Времена и люди - [124]
— Кто пришел? Не Илия?
— Никого не было.
— Ты же с кем-то разговаривала.
— Сама с собой. Лежи, лежи…
Последовавшие за этим днем дни были сплошным ожиданием. Проснувшись, первым делом глядел в окно: не идет ли кто с новостями об Илии. Ему так хотелось верить и он был почти убежден в том, что новости будут добрыми. Человека нельзя судить только за то, что он однажды оступился. Не может каждый всю жизнь пройти по прямой дороге. И зигзаги могут случиться, и поколеблется человек между добром и злом, между честью и бесчестьем. Но важно, чтобы все пришли к тому же, что исповедуют они, те, кто всю жизнь честно работали и работают во благо народа. Какое дитя самое дорогое для матери? То, которое не давало спать по ночам, которое приносило самые горькие тревоги. Часами думал он о человеке, которого никогда не любил, а сейчас всем сердцем желал, чтобы Илия заслужил его доверие и любовь… его и людей. Он не сводил глаз с окна и все ждал доброй вести. В его представлении все — спокойная жизнь села, преуспевание хозяйства — зависело сейчас от того, что делает в данный момент или собирается сделать сын деда Драгана. Потому-то и испытывал жгущее душу нетерпение.

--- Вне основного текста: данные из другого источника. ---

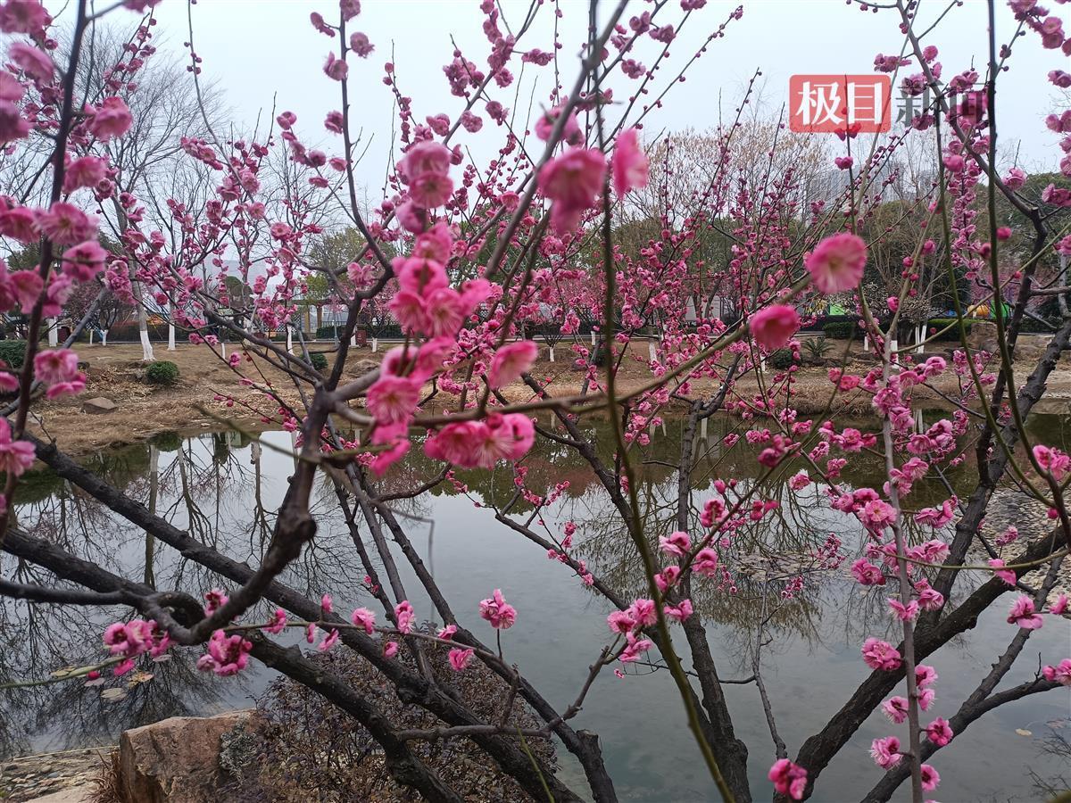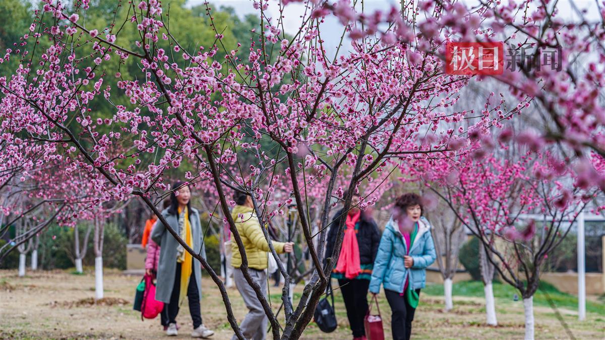 被小区环抱的洪山南湖幸福湾公园,百棵红梅倾情绽放,引来游客拍照,游客中大多是附近居民,该园管理处陈琳说:“居民在家门口就能欣赏‘疏影横斜水清浅’的美好。”
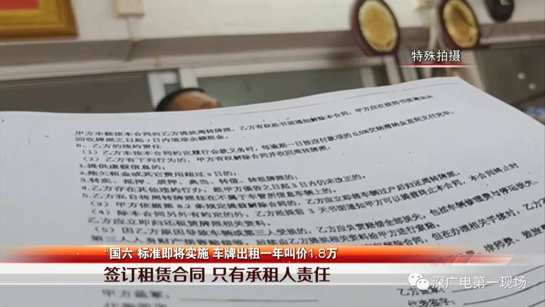 記者調(diào)查發(fā)現(xiàn),租深圳車牌成了很多外地車主,應(yīng)對(duì)“國(guó)六”標(biāo)準(zhǔn)落地的方法之一。所謂的租深圳牌,就是將名下的車登記在有深圳車牌指標(biāo),還沒有購(gòu)車的人名下。

Он не видел его с того дня, когда посылал за ним. Славка пыталась его обмануть, но он увидел Илию в окно и велел ей вернуть его. Он начал прямо с сути, без предварительных расспросов, без подготовки. Даже не пригласил сесть, подчеркивая этим степень его вины. Илия слушал внешне покорно, нахмурив брови, морщиня лоб — сущий меринос! Он и не принимал на себя вину, и не оспаривал упреки, и это вселяло надежду на то, что разговор не пройдет для него бесследно. Чтобы укрепиться в своей вере в него, он потребовал от Илии список. «Нету у меня списков», — дерзко ответил он. «Иди и принеси, сию минуту!» Он не помнил, чтобы хоть раз в жизни так кричал. Илия сник и начал юлить: что за спешка… на работу надо… вечером или завтра. Не вечером, не завтра, пресек он строго его нытье, список должен быть здесь сейчас же. Понял, что не отвертеться, и через двадцать минут вот он — длинный-длинный список фамилий. Не читая, даже не заглянув в него, разорвал пополам, потом еще раз пополам, еще и еще, пока лист не превратился в клочки бумаги. Он был так доволен благополучным завершением встречи, покорностью и послушанием Илии, что провел с ним целую беседу, разъясняя, что человек живет среди людей и хочет он или не хочет, но доброта должна лежать в основе его отношений с ними, что нет более несчастного человека, чем тот, кто стал белой вороной среди своих. Илия кивал, соглашаясь, в нем явно наступила желанная перемена. Попрощавшись и спустившись во двор, он поглядел на окно бай Тишо и помахал ему рукой.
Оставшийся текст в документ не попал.